I am trying to reload an Evolution Strategies agent from a checkpoint file during rollout/evaluation of the agent. I got this error when trying to evaluate an EvoStrat agent that had been trained for 200+ iters. To check this error in a consistent environment, I quickly trained another 1-iteration agent with the same parameters and tried to reload it from its first checkpoint. It resulted in the same error:
Traceback (most recent call last):
File "/work/slzhou/telescope-scheduler-v2/evaluate/rollout_agent.py", line 138, in <module>
rollout_agent(config, args.checkpoint)
File "/work/slzhou/telescope-scheduler-v2/evaluate/rollout_agent.py", line 92, in rollout_agent
agent = load_checkpoint(exp_config, checkpoint)
File "/work/slzhou/telescope-scheduler-v2/evaluate/rollout_agent.py", line 66, in load_checkpoint
agent.restore(agent_path)
File "/home/slzhou/anaconda3/lib/python3.9/site-packages/ray/tune/trainable.py", line 467, in restore
self.load_checkpoint(checkpoint_path)
File "/home/slzhou/anaconda3/lib/python3.9/site-packages/ray/rllib/agents/trainer.py", line 1823, in load_checkpoint
self.__setstate__(extra_data)
File "/home/slzhou/anaconda3/lib/python3.9/site-packages/ray/rllib/agents/es/es.py", line 411, in __setstate__
self.policy.set_flat_weights(state["weights"])
File "/home/slzhou/anaconda3/lib/python3.9/site-packages/ray/rllib/agents/es/es_tf_policy.py", line 182, in set_flat_weights
self.variables.set_flat(x)
File "/home/slzhou/anaconda3/lib/python3.9/site-packages/ray/experimental/tf_utils.py", line 143, in set_flat
arrays = unflatten(new_weights, shapes)
File "/home/slzhou/anaconda3/lib/python3.9/site-packages/ray/experimental/tf_utils.py", line 18, in unflatten
assert len(vector) == i, "Passed weight does not have the correct shape."
AssertionError: Passed weight does not have the correct shape.
Here is our agent reload code:
agent_config = es.DEFAULT_CONFIG.copy()
agent_config["log_level"] = "WARN"
agent_config["explore"] = False
agent = es.ESTrainer(agent_config, env='environment_name')
agent_path = f"checkpoint_path"
agent.restore(agent_path)
Here is our training code:
for step in tqdm.trange(n_iter):
training_result = agent.train()
agent.save(checkpoint_dir)
We are running all of this on a Linux Red Hat server.

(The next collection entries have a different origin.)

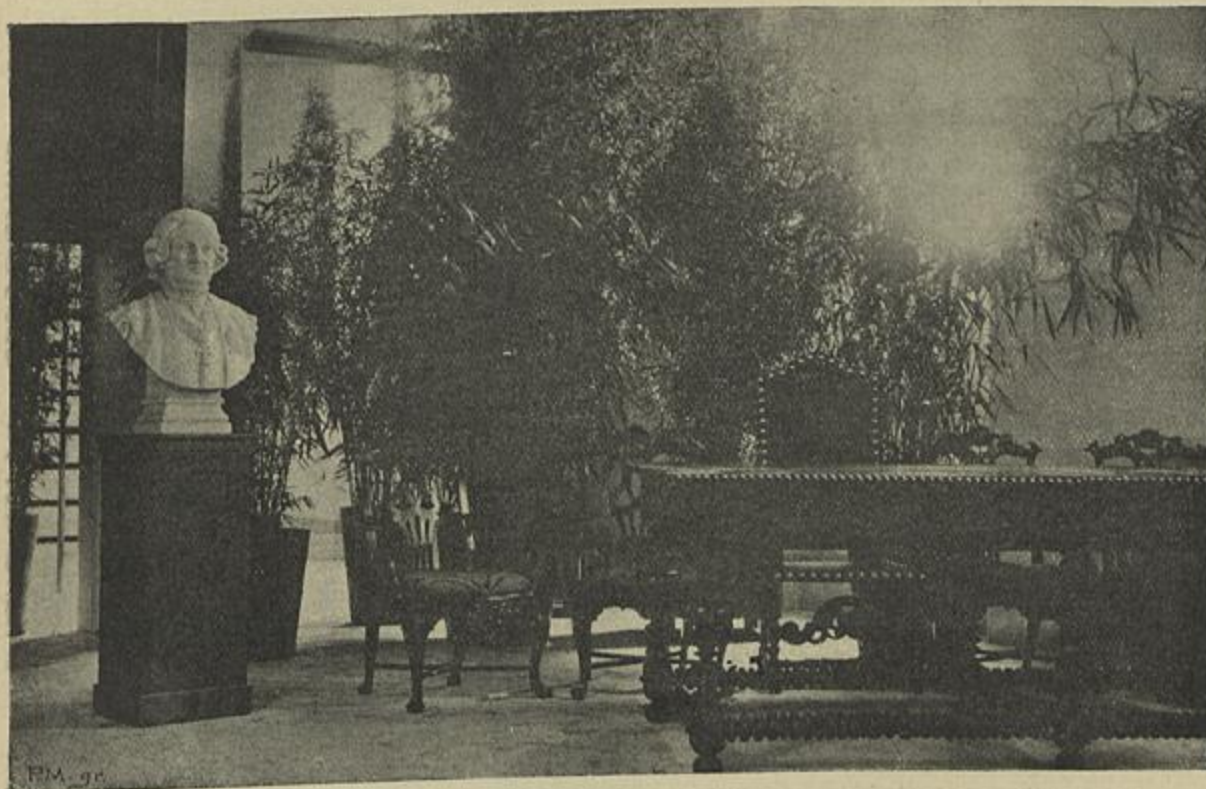
O BUSTO DE PINA MANIQUE INAUGURADO NA REAL CASA PIA DE LISBOA

O presidente do conselho hespanhol e o novo ministro partiram para San Sebastian, depois dos funeraes de Villaverde.
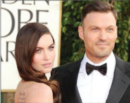
ميغان فوكس وزوجها

هذا وكانت التقارير الإعلامية قد أشارت في الأسبوع الماضي إلى أن
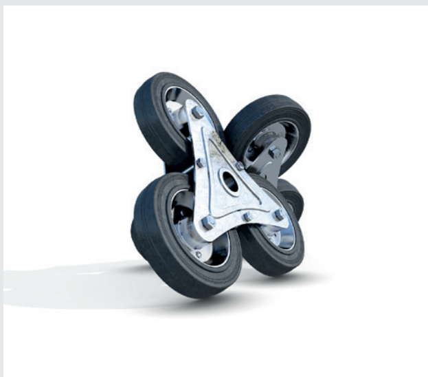
Modulo tripla ruota
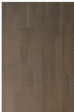
P158 Stone Nuancé
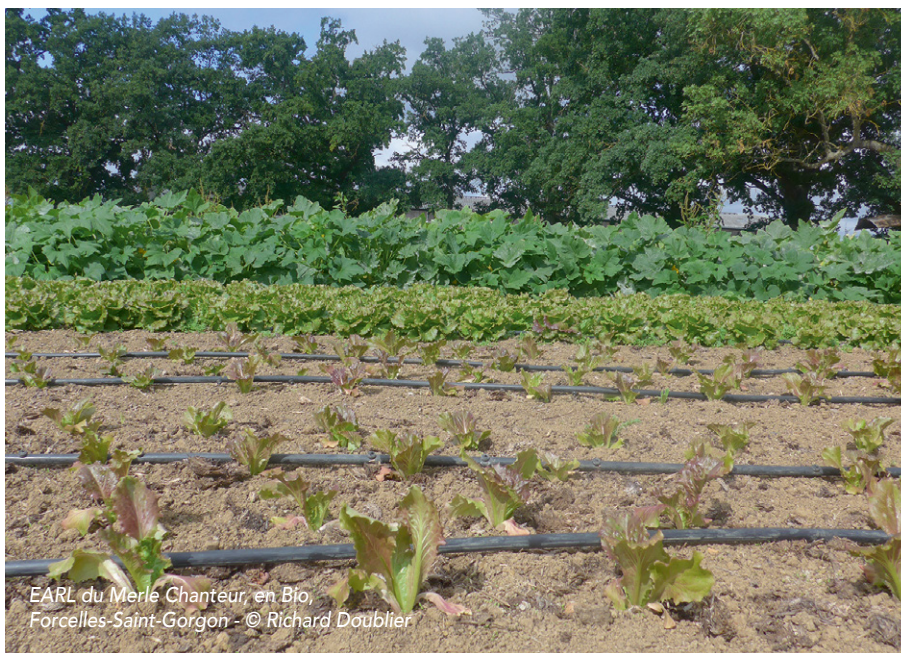
EARL du Merle Chanteur, en Bio, Forcelles-Saint-Gorgon
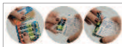
Foto 4.

The CPU model name: Intel(R) Xeon(R) CPU E5-2695 v4 @ 2.10GHz
To my understanding, this is what is happening: we train an agent with a set of agent configs in an environment, then, during rollout, we generate an agent with the same configs and same environment, but the parameters for this reloaded agent are not of the same size as the trained one. I’m not sure how this is happening, or what we may be doing wrong, so any pointers would be helpful.